Chan Mah Phee (曾廣庇 (Chan Kóng-pì); born in Amoy, China) was a Hoklo Chinese businessman, land-owner, investor and philanthropist who founded numerous successful ventures in Rangoon (now Yangon), Burma, in 1800s and 1900s.

==Early life ==
Chan was born in Amoy, Fujian, China, in the nineteenth century to his father Chan Ee Shin. In 1870, Chan migrated to Singapore before ultimately moving to Rangoon in 1872.

==Rangoon==

Chan Mah Phee founded his most successful business Taik Leong Co. in Rangoon in 1883. The company dealt primarily in oil, rice and tobacco. Chan Mah Phee was also a director of The Chinese Steamship Co., Limited. Chan was the largest Chinese land owner and most important Chinese rice-dealer in Burma.

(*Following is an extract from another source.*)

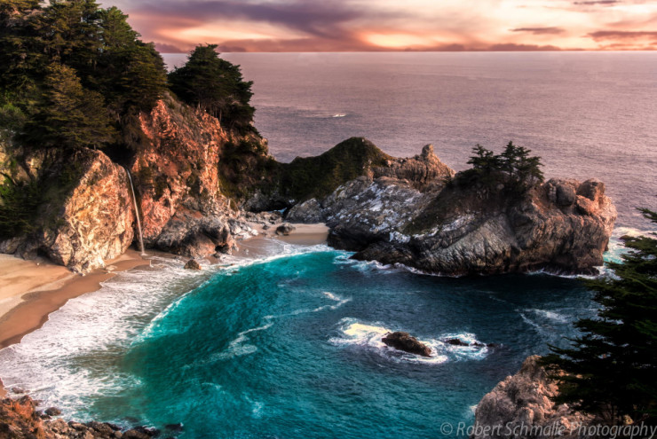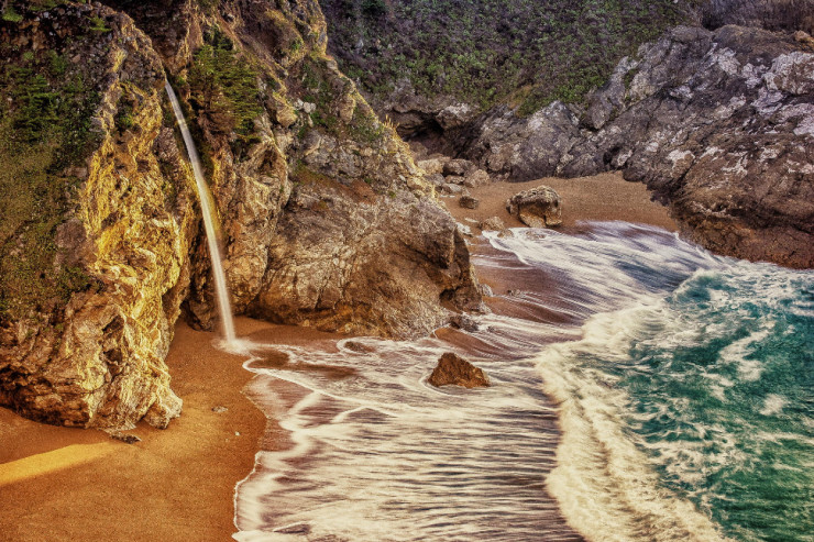 Julia Pfeiffer Burns State Park, Big Sur, Kalifornia, USA - toto výnimočné miesto je známe pre McWayove vodopády valiace sa zo strmého útesu a ponárajúce sa priamo do hlbín oceánu. Zátoka je naozaj nádherná, no pre bežných turistov pomerne ťažko prístupná. Obdivovať ju však môžete aj z diaľky počas plavby loďou.
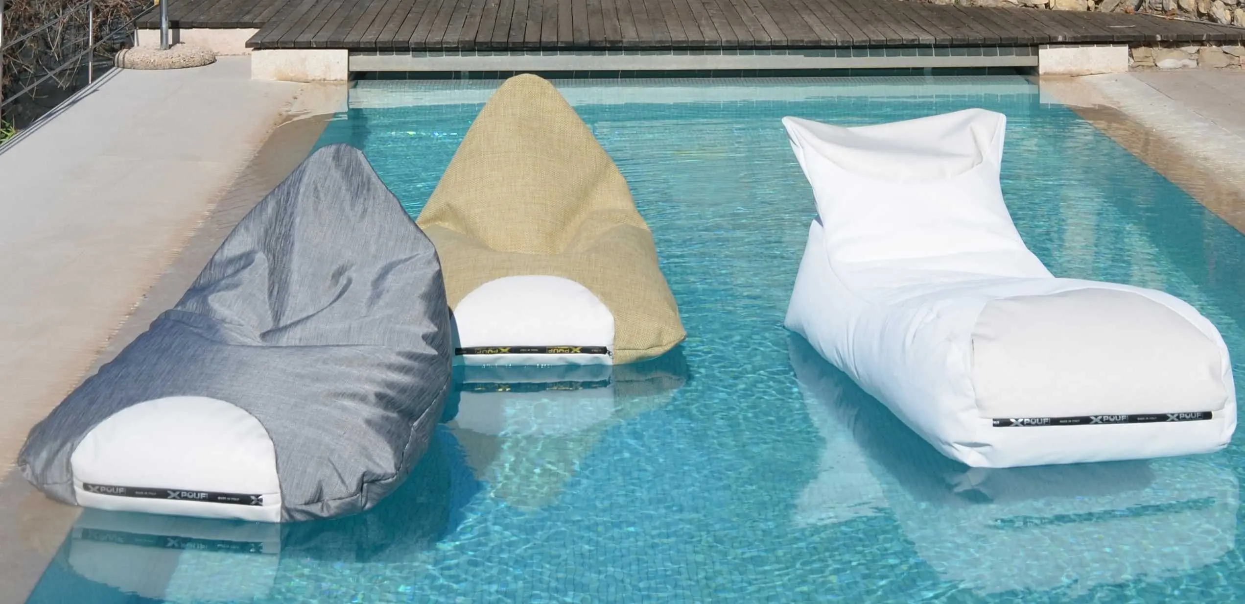 I pouf della collezione INPOOL di XPOUF sono galleggianti grazie alle sfere a cellula chiusa (ovvero impermeabili all’acqua) di poliuretano espanso posizionate all’interno e, grazie allo speciale trattamento Anti-UV e Anti-aging che ritarda il naturale processo di scolorimento dei tessuti, possono rimanere al sole per lungo tempo.

In a Rangoon where communities remained voluntarily segregated down ethnic lines, he managed to be a prominent figure in Rangoon with many connections which extended far beyond the municipality's Chinese community.

==Philanthropic work==

Chan Mah Phee and Daw Aye Mya built a tazaung at the Shwedagon Pagoda. They also offered satuditha at the Tabaung festival. They also donated to build Hwa Kyone High School (later known as No 3 Regional College / Kyimyindine Campus, Rangoon University). They built Chan Mah Phee hospital in Ahlon where a street was named in his honor. In 1903, he financed the substantial expansion of Kheng Hock Keong, a Hokkien temple in Yangon.

==Legacy==
The Chan Ma Phee hall of Shwedagon Pagoda was named in his honor in recognition of his patronage and financial contributions to the temple. He married Aye Mya, the daughter of rice farmers in a Rangoon suburb. Chan Mah Phee's second son, Chan Chor Khine inherited and expanded his father's businesses. Chan Chor Khine was educated at St. Paul's High School, Rangoon.